*Exercise material*:

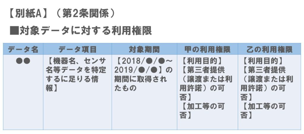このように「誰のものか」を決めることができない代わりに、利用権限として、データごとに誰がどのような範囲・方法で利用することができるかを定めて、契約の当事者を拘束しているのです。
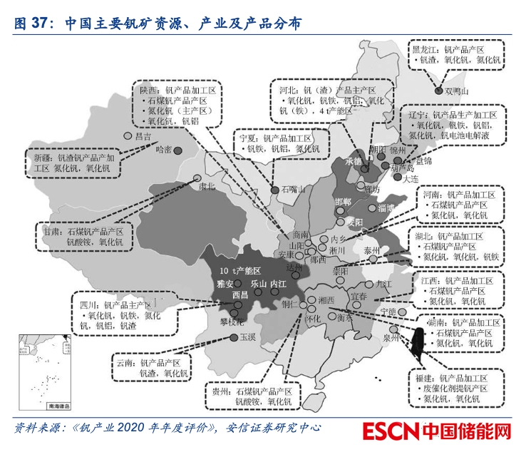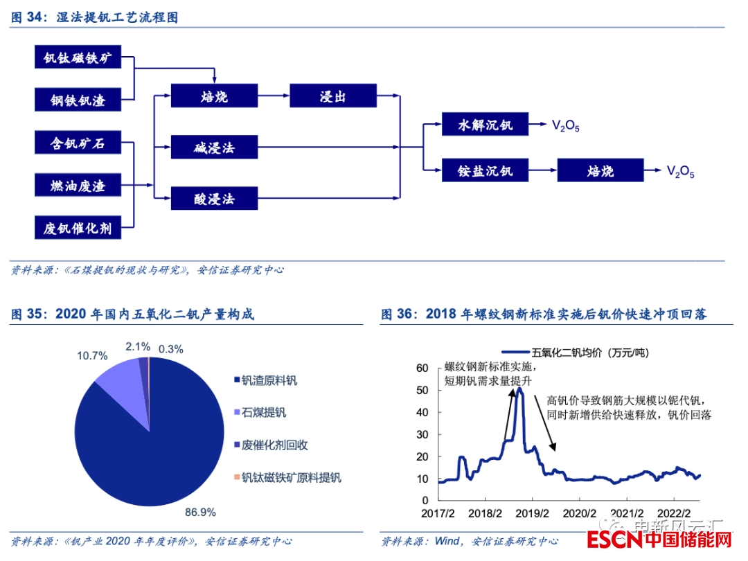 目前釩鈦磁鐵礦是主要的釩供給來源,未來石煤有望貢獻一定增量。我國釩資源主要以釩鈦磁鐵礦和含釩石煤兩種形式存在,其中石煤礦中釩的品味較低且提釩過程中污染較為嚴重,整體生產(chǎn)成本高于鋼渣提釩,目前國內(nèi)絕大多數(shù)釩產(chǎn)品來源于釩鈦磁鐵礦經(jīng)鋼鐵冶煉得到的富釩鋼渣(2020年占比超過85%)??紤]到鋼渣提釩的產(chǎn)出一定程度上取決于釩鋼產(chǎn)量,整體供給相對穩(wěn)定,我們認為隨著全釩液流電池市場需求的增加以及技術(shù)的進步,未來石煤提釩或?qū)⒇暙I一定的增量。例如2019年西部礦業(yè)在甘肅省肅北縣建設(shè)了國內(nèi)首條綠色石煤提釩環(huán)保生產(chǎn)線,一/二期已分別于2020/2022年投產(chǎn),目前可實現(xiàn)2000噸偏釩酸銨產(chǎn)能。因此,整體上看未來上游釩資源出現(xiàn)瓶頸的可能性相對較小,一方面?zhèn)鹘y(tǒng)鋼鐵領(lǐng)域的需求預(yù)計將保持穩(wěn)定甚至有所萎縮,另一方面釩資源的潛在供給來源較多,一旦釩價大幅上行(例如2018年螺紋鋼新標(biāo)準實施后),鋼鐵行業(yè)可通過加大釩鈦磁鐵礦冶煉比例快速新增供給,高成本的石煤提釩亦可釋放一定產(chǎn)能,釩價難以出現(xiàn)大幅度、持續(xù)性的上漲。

==

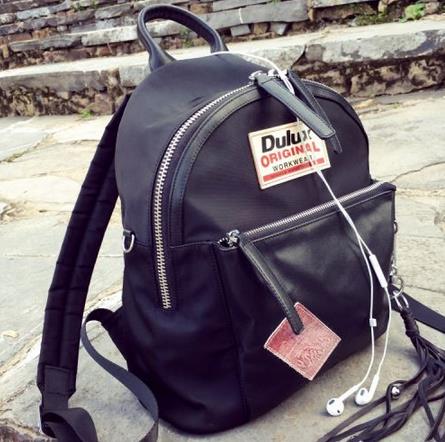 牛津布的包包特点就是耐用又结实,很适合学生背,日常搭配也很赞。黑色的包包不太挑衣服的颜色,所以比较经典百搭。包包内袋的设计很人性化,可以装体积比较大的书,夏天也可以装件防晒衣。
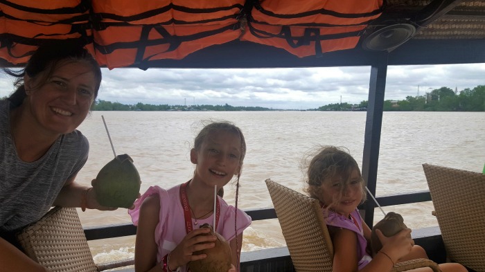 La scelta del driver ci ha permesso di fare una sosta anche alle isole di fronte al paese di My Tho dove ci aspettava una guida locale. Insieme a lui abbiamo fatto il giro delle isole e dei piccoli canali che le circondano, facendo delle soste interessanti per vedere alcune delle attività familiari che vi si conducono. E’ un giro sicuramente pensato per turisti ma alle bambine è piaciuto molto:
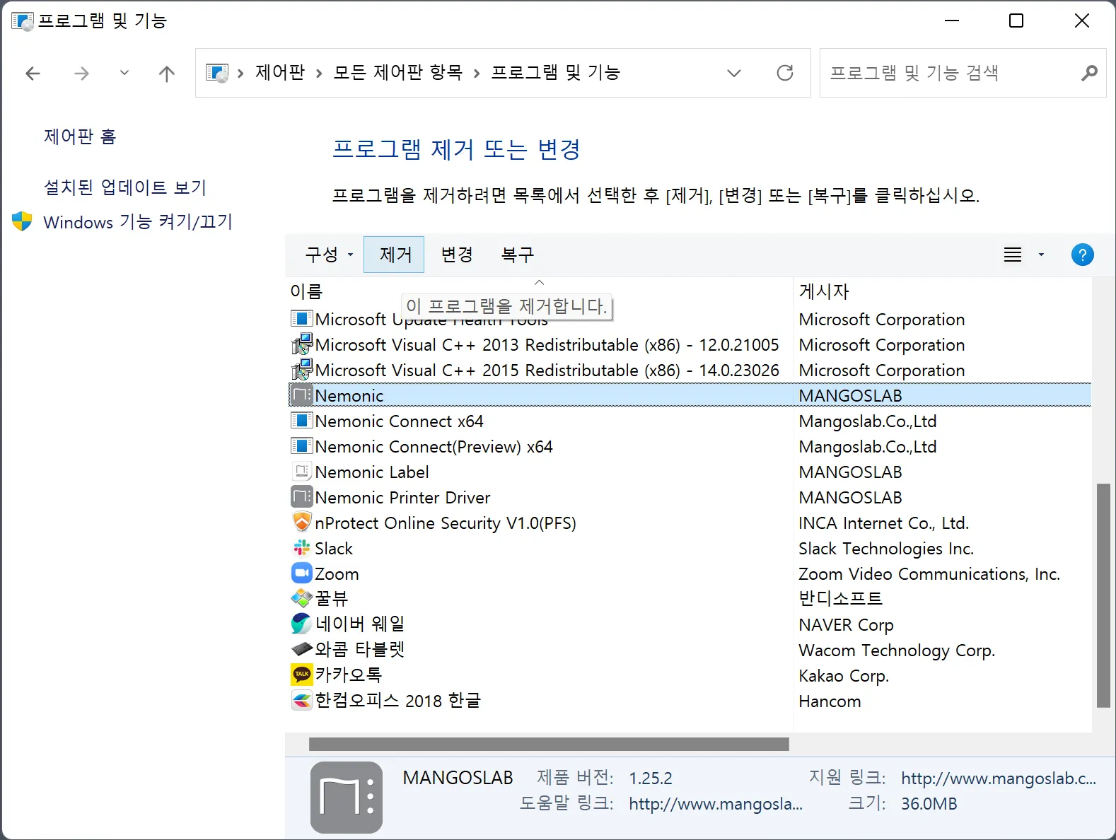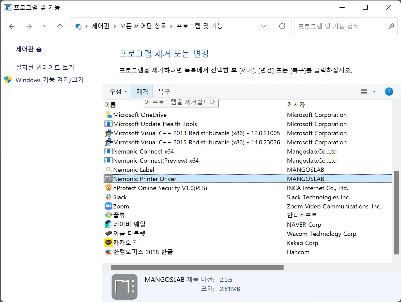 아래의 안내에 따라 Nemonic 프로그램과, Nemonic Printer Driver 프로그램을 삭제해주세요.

*Task description*: Nothing but the lines above from the line with "牛津布的包包特点就是耐用又结" up to and including the line with "아래의 안내에 따라 Nemonic" should be returned, exactly as written and without pictures.

*Reply to the exercise*:
 牛津布的包包特点就是耐用又结实,很适合学生背,日常搭配也很赞。黑色的包包不太挑衣服的颜色,所以比较经典百搭。包包内袋的设计很人性化,可以装体积比较大的书,夏天也可以装件防晒衣。
 La scelta del driver ci ha permesso di fare una sosta anche alle isole di fronte al paese di My Tho dove ci aspettava una guida locale. Insieme a lui abbiamo fatto il giro delle isole e dei piccoli canali che le circondano, facendo delle soste interessanti per vedere alcune delle attività familiari che vi si conducono. E’ un giro sicuramente pensato per turisti ma alle bambine è piaciuto molto:
 아래의 안내에 따라 Nemonic 프로그램과, Nemonic Printer Driver 프로그램을 삭제해주세요.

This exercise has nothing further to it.